In the news. Oil slides as Trump says war will end 'very soon'. China's exports surge 21.8% in the first two months of this year. Poland to build the EU's first anti-drone shield. Amazon holds an engineering meeting following AI-related outages. Shares of China's battery champion soar 10% as AI boom boosts demand. "Exceptional' wetness points to climate future, say scientists. G7 'stands ready' to release emergency oil reserves. Feds announce nearly $1 billion for domestic defence innovation, including Bombardier aircraft. Iran bets on endurance, energy disruption to outlast US & Israel. TikTok gets green light to stay in Canada, reversing earlier ban.
In currency markets. The Australian dollar and Mexican peso rallied against the U.S. dollar as improving risk sentiment and demand for higher-yielding currencies lifted commodity and emerging-market FX. Meanwhile, China’s yuan strengthened after record exports surged 22% in the first two months of 2026, boosting trade inflows and exporter dollar conversions. CNY strengthens 0.5%, while Asian currencies firmed 0.1% on average against the USD. Trading currencies rebound, with PLN down 0.1%, NOK flat, JPY, KWD, NZD, ZAR up 0.1%, CHF, SEK, DKK, & CZK firming 0.25%, while MXN & AUD rallied 0.7% against the USD.
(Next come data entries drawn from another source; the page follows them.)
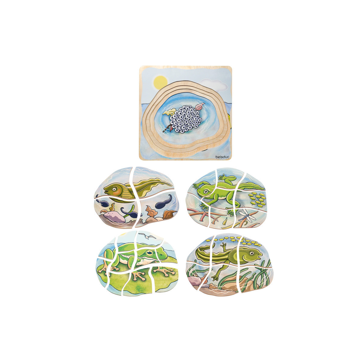 The development of animals is very different. With the help of the development puzzles with four layers, the development of the frog can be learned and understood.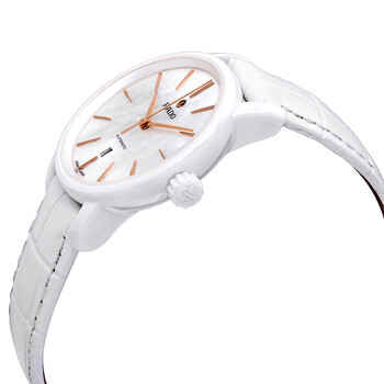 White ceramic and stainless steel case with a white leather strap. Fixed white ceramic and stainless steel bezel. White mother of pearl dial with rose gold-tone hands and index hour markers. Dial Type: Analog. Date display at the 6 o'clock position. Rado Calibre 580 (ETA 2681) automatic movement with a 38-hour power reserve. Scratch resistant sapphire crystal. Pull / push crown. Transparent case back. Round case shape, case size: 33 mm, case thickness: 10 mm. Band width: 16 mm, band length: 6.5 inches. Fold over clasp. Water resistant at 50 meters / 165 feet. Functions: date, hour, minute, second. Casual watch style. Watch label: Swiss Made. Rado DiaMaster Automatic White Mother of Pearl Dial Ladies Watch R14044925.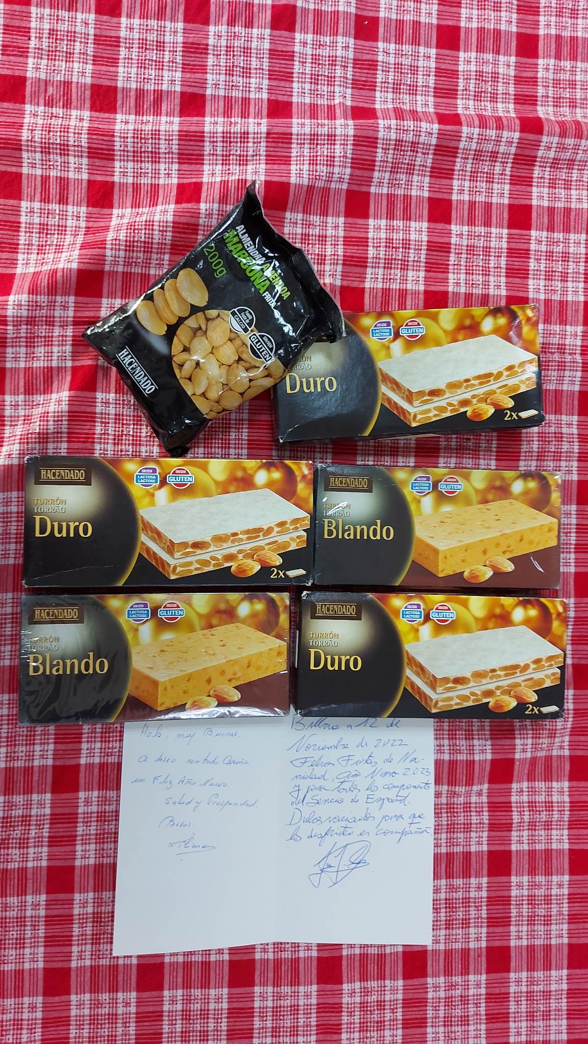 Especialmente, hemos recibido un regalo del hermoso municipio de Bilbao, en España, con mucho cariño de parte de José Ignacio Cos Lezama y su esposa Liliane. El paquete contiene una postal de Navidad, turrones elaborados con almendra, típicos de España en las fiestas navideñas y el Año Nuevo. Aunque no es la primera vez que recibimos este regalo tan dulce por parte de José y Liliane, aún nos conmueve y sorprende el cariño que la pareja nos presta a lo largo de los años.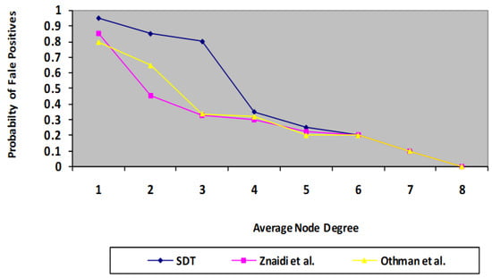 Comparison of proposed SDT protocol with existing protocol in terms of probability of false positives.

In commodity markets. Oil prices tumble 5.5%. Natural Gas eased 0.5%. Gold strengthened 1.6%. Silver prices rallied 5.2%. Copper prices advanced 1.3%. Coffee & Wheat prices weakened 0.9%, and Soybean prices slipped 0.3%.
CAD holds steady against the U.S. dollar after giving back a small portion of recent gains, with elevated oil prices linked to Middle East tensions continuing to support the currency. Investors are also turning their attention to upcoming Canadian employment data, which could influence expectations for Bank of Canada policy. Recent figures showed Canada’s unemployment rate around 6.5%, the lowest in about 16 months, highlighting a relatively resilient labour market despite mixed job growth.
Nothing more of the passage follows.